2007-01-09 18:46:42 · answer #1 · answered by Scythian1950 7 · 0⤊ 0⤋
As I understand your question, prove that the intersection of the three medians of the triangle divide each median into two line segments whose lengths are in a 2:1 ratio.
Consider a triangle ABC. If we think of the base of the triangle AB, lying on the x axis, then two vertices A and B are on the x axis and C is not. The three y coordinates of the three vertices are 0,0,y and the average is y/3. That is twice as close to the x axis as to C. Let the x coordiate be such that the point (x,y/3) lies on the median from C to AB. The other two sides AC and BC can similarly be thought of as bases from the opposite vertices B and A, respectively. And when the average is taken the same 2:1 ratio will emerge.
2007-01-09 21:11:23 · answer #2 · answered by Northstar 7 · 0⤊ 0⤋
Great first answer. In case you want a Euclidean proof, here it is.
Sorry I don't know how to provide you with a diagram, but if you draw one for yourself you should be able to follow this.
Draw a triangle ABC, with D and E as the middle points of AB and AC respectively. Call the point where they meet G.
Now draw the line AG and extend it to cut through BC (call that point F) and then beyond that to a point H, so that GH = AG
What we do now is prove that the figure GBHC is a parallelogram.
[Since the diagonals of a parallelogram bisect each other, that will prove that F is the middle point of BC, so AF is the third median of the triangle, thus proving that the three medians all pass through the same point G. Also, GF is half the diagonal GH, which, you remember, we made the same length as AG, so GF is half of AG, which makes AF three times the length of GF, thus proving (as did the first answerer by coordinate means) that the centroid (that's the name of the point where the medians meet) is two thirds of the way down the median. Although we'll have proved it for AF, it applies to each of the other medians too.]

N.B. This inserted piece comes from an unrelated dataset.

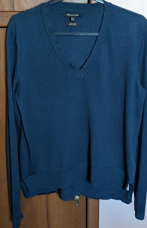 базовий пуловер у розмірі XS, стан ідеал, з прекрасним складом: 43 вовна, 57 шовк малирі, колір пляшковий. ПОГ 48, довжина 55-58, рукав 61, плечі 37. повна лата
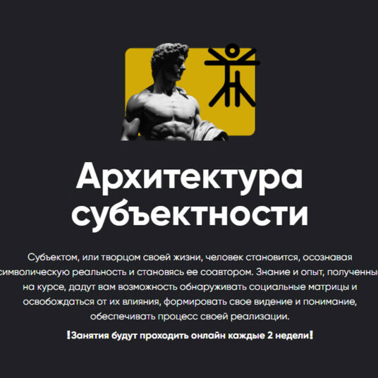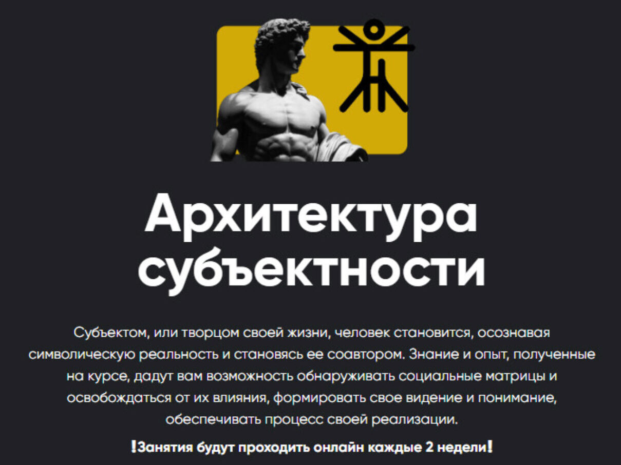 Архитектура субъектности Субъектом, или творцом своей жизни, человек становится, осознавая символическую реальность и становясь ее соавтором. Знание и опыт, полученные на курсе, дадут вам возможность обнаруживать социальные матрицы и освобождаться от их влияния, формировать свое видение и

However, all of that follows only after we prove that GBHC is a parallelogram, so here goes:
Do you know the theorem that if the middle points of two sides of a triangle are joined, their join is parallel to the third side (and is half the length of the third side, but we don't need that fact here). Now look at the triangle ABH. The middle point of AB is D, and the middle point of AH is G (because we made GH the same length as AG).
Therefore DG is parallel to BH.
Looking at the extension of DG, we see that GC is parallel to BH.
Now look at the triangle ACH. Using the same method, it follows that EG is parallel to CH, and hence GB is parallel to CH.
Since GC, BH are parallel, and GB, CH are parallel,
therefore GBHC is a parallelogram, and all the stuff I put in square brackets above [ ] follows.
Now, if you understand all that argument clearly, you can write it down in concise form.
2007-01-09 18:49:33 · answer #3 · answered by Hy 7 · 0⤊ 0⤋
A physical explanation :
take any triangle and divide it in to small strips parallel to any of the three sides, i.e. first strip is that side (infinitesimally small thickness) then the strips get smaller and smaller all the time , until it reaches the vertex opposite to the chosen side.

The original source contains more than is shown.